#### [EXTRACTED RECORDS]
★ ★ ★

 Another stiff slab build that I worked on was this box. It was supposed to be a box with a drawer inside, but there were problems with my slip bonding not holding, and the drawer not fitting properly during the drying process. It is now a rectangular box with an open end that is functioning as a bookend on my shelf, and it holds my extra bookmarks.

★ ★ ★

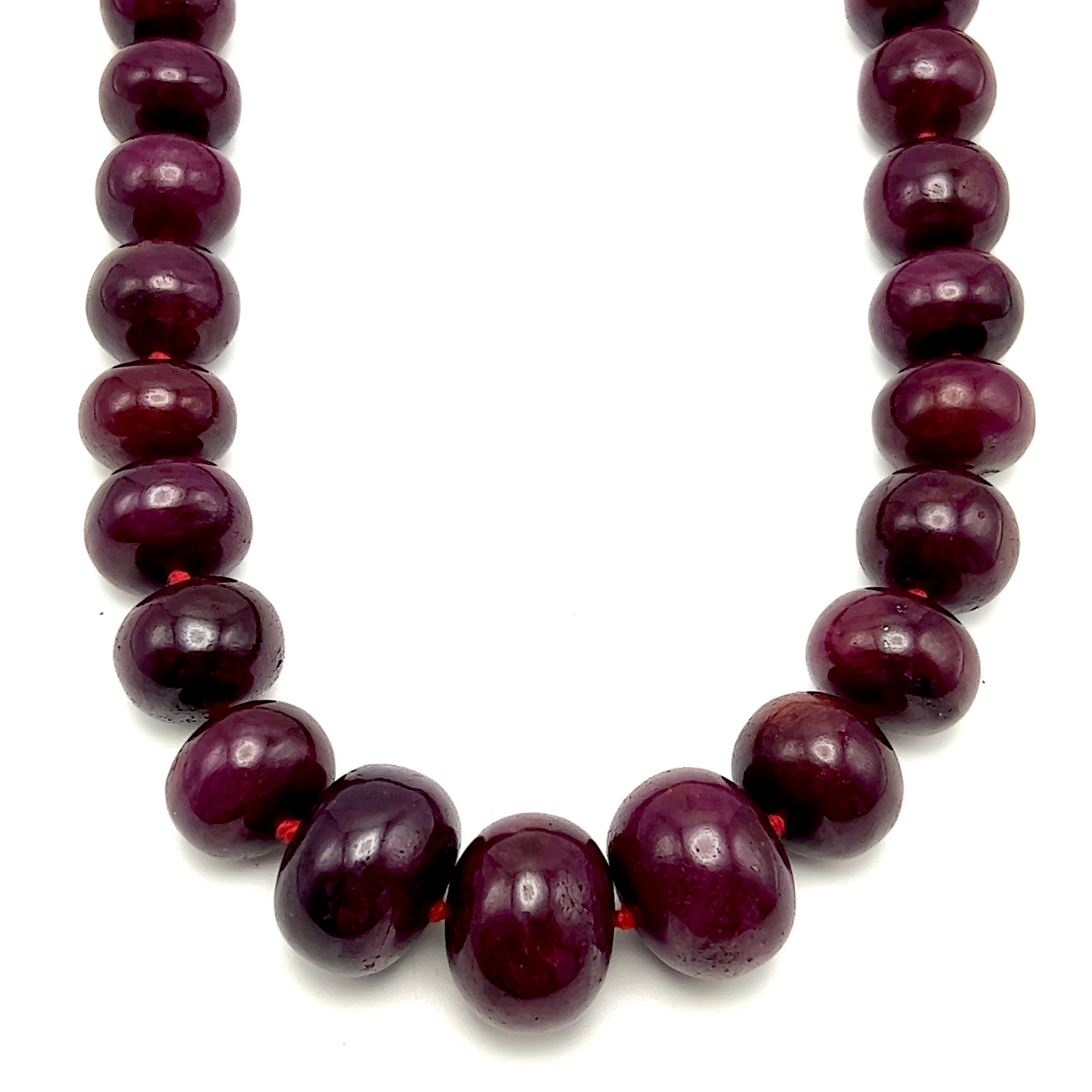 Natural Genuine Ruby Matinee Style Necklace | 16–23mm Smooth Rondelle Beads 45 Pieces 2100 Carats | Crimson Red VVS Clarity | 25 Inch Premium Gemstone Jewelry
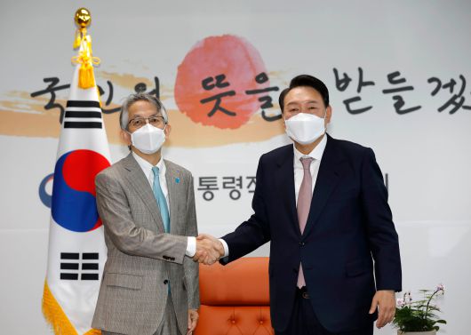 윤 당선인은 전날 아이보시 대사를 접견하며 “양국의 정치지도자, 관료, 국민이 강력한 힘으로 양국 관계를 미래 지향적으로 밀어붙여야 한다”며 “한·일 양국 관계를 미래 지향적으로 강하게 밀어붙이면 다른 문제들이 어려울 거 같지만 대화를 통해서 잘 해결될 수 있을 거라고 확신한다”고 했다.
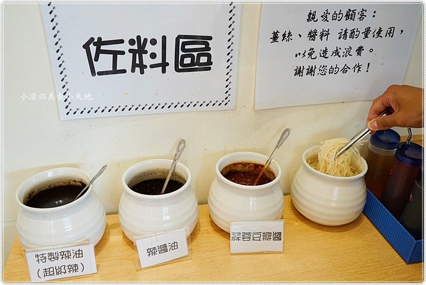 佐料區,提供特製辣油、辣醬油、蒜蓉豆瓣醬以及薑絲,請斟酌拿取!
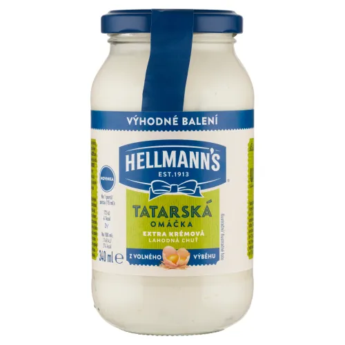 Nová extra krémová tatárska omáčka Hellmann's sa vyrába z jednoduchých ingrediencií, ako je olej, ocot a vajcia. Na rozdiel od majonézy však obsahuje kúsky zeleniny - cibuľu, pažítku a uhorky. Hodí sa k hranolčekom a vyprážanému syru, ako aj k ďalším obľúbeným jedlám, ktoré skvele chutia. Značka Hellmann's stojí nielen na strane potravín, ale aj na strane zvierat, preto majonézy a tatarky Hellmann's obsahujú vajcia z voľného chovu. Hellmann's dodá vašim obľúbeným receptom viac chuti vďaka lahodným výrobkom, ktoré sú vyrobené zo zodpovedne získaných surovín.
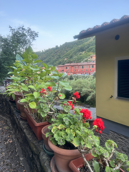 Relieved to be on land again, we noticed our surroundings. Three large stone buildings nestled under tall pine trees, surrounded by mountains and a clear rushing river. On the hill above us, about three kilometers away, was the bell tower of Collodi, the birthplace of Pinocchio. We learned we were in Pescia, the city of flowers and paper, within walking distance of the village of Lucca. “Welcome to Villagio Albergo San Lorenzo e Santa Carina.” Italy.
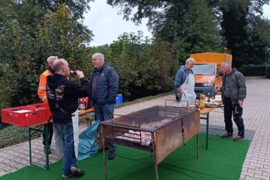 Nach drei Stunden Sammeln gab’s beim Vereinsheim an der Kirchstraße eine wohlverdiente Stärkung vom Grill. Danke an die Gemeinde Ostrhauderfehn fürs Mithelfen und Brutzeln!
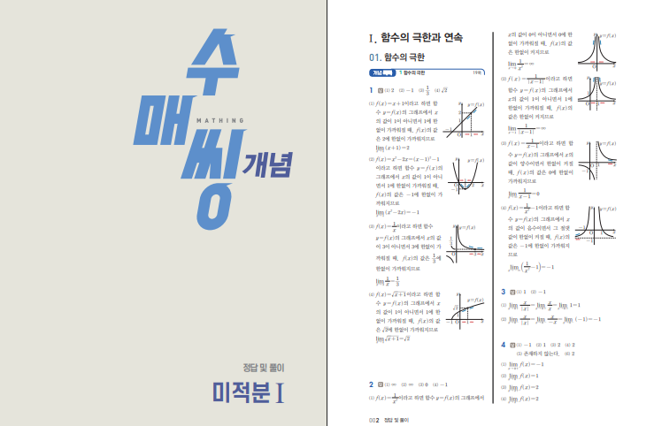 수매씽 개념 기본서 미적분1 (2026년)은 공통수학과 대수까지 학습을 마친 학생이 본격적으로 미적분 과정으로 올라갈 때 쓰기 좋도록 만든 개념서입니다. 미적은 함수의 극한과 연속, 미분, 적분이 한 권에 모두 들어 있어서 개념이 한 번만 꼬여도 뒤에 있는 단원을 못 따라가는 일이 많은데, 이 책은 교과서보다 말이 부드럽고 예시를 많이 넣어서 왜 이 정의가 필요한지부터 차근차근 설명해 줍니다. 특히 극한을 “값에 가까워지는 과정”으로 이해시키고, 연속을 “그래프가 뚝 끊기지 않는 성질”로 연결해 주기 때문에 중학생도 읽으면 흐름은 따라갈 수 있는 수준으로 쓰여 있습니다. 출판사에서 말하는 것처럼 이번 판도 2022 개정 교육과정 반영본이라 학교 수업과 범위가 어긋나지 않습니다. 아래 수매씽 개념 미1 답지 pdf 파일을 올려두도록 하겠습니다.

★ ★ ★

Reproduce the lines above beginning at the line that contains "佐料區,提供特製辣油、辣醬油、蒜蓉豆瓣醬以及薑絲,請斟酌拿取!" and ending at the line that contains "수매씽 개념 기본서 미적분1". No pictures.

 佐料區,提供特製辣油、辣醬油、蒜蓉豆瓣醬以及薑絲,請斟酌拿取!
 Nová extra krémová tatárska omáčka Hellmann's sa vyrába z jednoduchých ingrediencií, ako je olej, ocot a vajcia. Na rozdiel od majonézy však obsahuje kúsky zeleniny - cibuľu, pažítku a uhorky. Hodí sa k hranolčekom a vyprážanému syru, ako aj k ďalším obľúbeným jedlám, ktoré skvele chutia. Značka Hellmann's stojí nielen na strane potravín, ale aj na strane zvierat, preto majonézy a tatarky Hellmann's obsahujú vajcia z voľného chovu. Hellmann's dodá vašim obľúbeným receptom viac chuti vďaka lahodným výrobkom, ktoré sú vyrobené zo zodpovedne získaných surovín.
 Relieved to be on land again, we noticed our surroundings. Three large stone buildings nestled under tall pine trees, surrounded by mountains and a clear rushing river. On the hill above us, about three kilometers away, was the bell tower of Collodi, the birthplace of Pinocchio. We learned we were in Pescia, the city of flowers and paper, within walking distance of the village of Lucca. “Welcome to Villagio Albergo San Lorenzo e Santa Carina.” Italy.
 Nach drei Stunden Sammeln gab’s beim Vereinsheim an der Kirchstraße eine wohlverdiente Stärkung vom Grill. Danke an die Gemeinde Ostrhauderfehn fürs Mithelfen und Brutzeln!
 수매씽 개념 기본서 미적분1 (2026년)은 공통수학과 대수까지 학습을 마친 학생이 본격적으로 미적분 과정으로 올라갈 때 쓰기 좋도록 만든 개념서입니다. 미적은 함수의 극한과 연속, 미분, 적분이 한 권에 모두 들어 있어서 개념이 한 번만 꼬여도 뒤에 있는 단원을 못 따라가는 일이 많은데, 이 책은 교과서보다 말이 부드럽고 예시를 많이 넣어서 왜 이 정의가 필요한지부터 차근차근 설명해 줍니다. 특히 극한을 “값에 가까워지는 과정”으로 이해시키고, 연속을 “그래프가 뚝 끊기지 않는 성질”로 연결해 주기 때문에 중학생도 읽으면 흐름은 따라갈 수 있는 수준으로 쓰여 있습니다. 출판사에서 말하는 것처럼 이번 판도 2022 개정 교육과정 반영본이라 학교 수업과 범위가 어긋나지 않습니다. 아래 수매씽 개념 미1 답지 pdf 파일을 올려두도록 하겠습니다.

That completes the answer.